Catatan Prosedur Invasif risiko tinggi harus segera dibuat dan dicatat dalam rekam
medis sebelum pemindahan pasien ke tahap perawatan selanjutnya, meliputi :
Kelengkapan catatan prosedur invasive :
a. Informasi identifikasi Pasien
b. Apakah sedasi/ analgesia atau anestesi local yang digunakan
c. Nama tenaga kesehatan
d. Prosedur yang dilakukan
e. Deskripsi masing-masing prosedur
f. Temuan
g. Spesimen yang dipindahkan dan atau disposisi spesimen (Jika ada)
h. Perkiraan kehilangan darah (Jika ada)
i. Diagnosis pre dan pasca prosedur
j. Komplikasi
k. Keadaan umum pasien
l.
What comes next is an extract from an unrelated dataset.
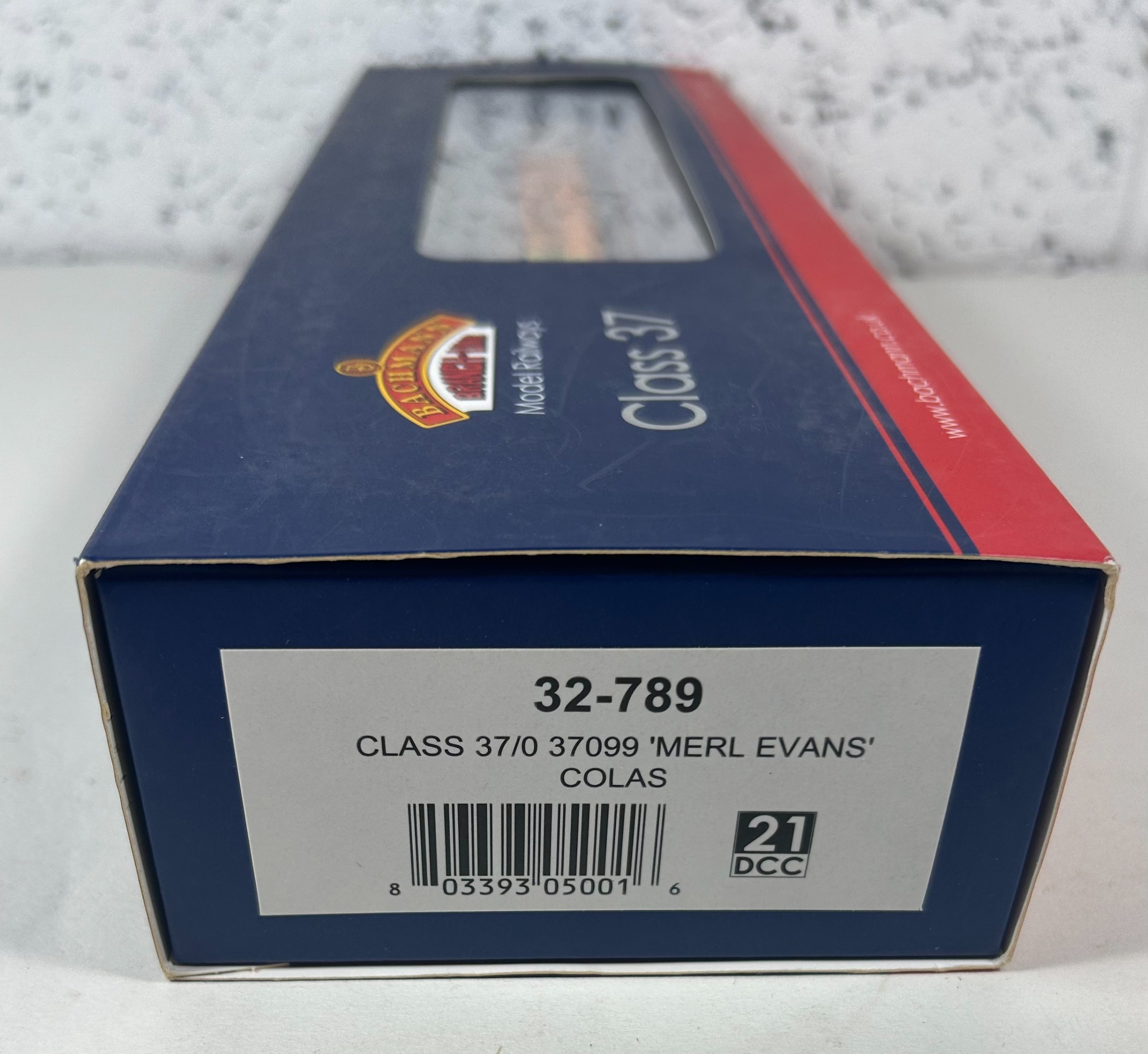 Bachmann Branch-Line OO Diesel-Electric Locomotive. Class 37 37099 'Merl Evans' (32-789), 21DCC. In Colas livery. Boxed. Contents looks to be as new.

Pelaporan dilakukan oleh dokter yang melakukan prosedur
m. Tanggal dan waktu prosedur
11) Kriteria Pemulangan dan Pemindahan pasien dari Area Prosedur
a. Pemulangan pasien sesuai dengan Kriteria Skor Pemulihan Pasca Prosedur
b. Untuk pasien dengan sedasi mengikuti Kebijakan Sedasi/ Analgesi dalam
Prosedur (Kebijakan Mengenai Protokol Universal)

15
12) Edukasi Pasien Pasca Prosedur
Dilakukan oleh DPJP atau Dokter yang melakukan prosedur invasif serta dilakukan
pencatatan pada lembar edukasi pasien. Mencakup :
a. Instruksi khusus untuk follow-up
b. Informasi hasil dari prosedur/ temuan
c. Gejala atau tanda yang mengindikasikan komplikasi
d. Sumber-sumber yang bisa dihubungi bila terjadi keadaan emergensi

16
BAB IV
DOKUMENTASI

Formulir Check list Keselamatan Operasi yang telah diisi kemudian disimpan di kamar
operasi sebagai arsip. Check list ini tidak di dalam berkas rekam medis.
Dokumen yang terkait dengan daftar tilik Keselamatan Bedah adalah Catatan
Keperawatan Sesudah Operasi (form terlampir) dan Catatan Protokol Universal.